FTX’s new management team has located more cash belonging to the bankrupt crypto conglomerate, bringing the tally to $1.24bn, as consultants rush to identify the company’s assets ahead of a US court hearing later on Tuesday.
Edgar Mosley, an executive at advisory firm Alvarez & Marsal, said in court filings that teams working to track down the stricken crypto group’s assets had found “substantially higher cash balances” than were previously known.
The company in filings on Saturday estimated it had $564mn in bank balances after establishing the amounts held in 144 of the 216 bank accounts it had linked to FTX and more than 100 affiliated companies.
Mosley said consultants had since been able to verify more balances and that Alvarez & Marsal was continuing to “identify and verify assets of the [FTX group] on a rolling basis”.
The updated cash figures show the scale of the efforts still under way by bankruptcy practitioners to get on top of FTX’s financial position. The group’s new chief executive, veteran insolvency expert John Ray III, has criticised the previous management under Sam Bankman-Fried for a “complete absence of trustworthy financial information”.
The new cash figures include about $400mn in accounts belonging to Bankman-Fried’s trading company Alameda Research, which were not included in the previous tally.

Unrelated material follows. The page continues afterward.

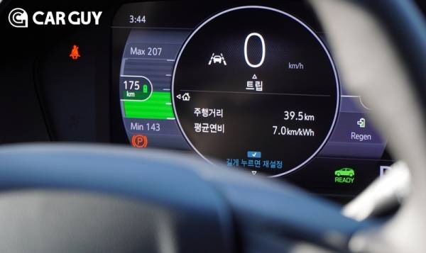 주행거리는 꽤나 만족스럽다. 66kWh 용량의 배터리를 탑재해 1회 완전 충전으로 403km를 주행 할 수 있다. 히트펌프가 빠져 있어 상온 주행거리 대비 저온 주행거리가 짧다. 다만, 실주행에서는 크게 문제가 되지 않는다. 150km를 주행하며 계기반에 나타난 평균 전비는 무려 7.3km/kWh, 공인 전비인 5.5km/kWh보다 월등히 높다. 높은 전비를 기록할 수 있었던 이유는 가속페달만으로 가감속이 가능한 원페달 드라이빙을 지원하기 때문이다. 외기가 10도 안팎일 때 100% 충전을 하면 계기반에 500km 이상 주행이 가능하다고 표시된다.
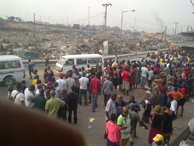 Lagos State government has taken a bold step towards the rehabilitation of popular Oshodi market....starting with mass demolition of the structures....mostly shops belonging to small scale traders......more pics below after the cut:

Bankruptcy practitioners have also been battling to secure FTX’s stash of digital tokens in the face of cyber attacks. The company on Tuesday asked the US bankruptcy court to approve “on an emergency basis” a sealed motion “in light of the risk of cyber attacks and other malicious activity” to allow “certain actions . . . in connection with valuable assets that represent a significant share” of the company’s property.
Hearings on the FTX bankruptcy will get under way at the federal court in Delaware later on Tuesday, where the Nassau-headquartered crypto empire led by Bankman-Fried filed for Chapter 11 protection earlier this month after suffering a liquidity crisis.
The bankruptcy involves at least $10bn in assets and liabilities, and could include more than 1mn creditors, according to earlier court filings.
The collapse of FTX has sent shockwaves through the digital asset sector. Genesis, a large crypto brokerage and lender, last week halted withdrawals in its lending business after admitting to a $175mn hit from FTX’s failure.
The company, part of billionaire Barry Silbert’s Digital Currency Group, on Monday said it “continues to have constructive conversations with creditors” and had “no plans to file bankruptcy imminently”.
Bitcoin, the largest cryptocurrency, dropped below $16,000 to trade at $15,692. Genesis’s statement added to fears in crypto markets that the full domino effect from FTX’s collapse has yet to play out.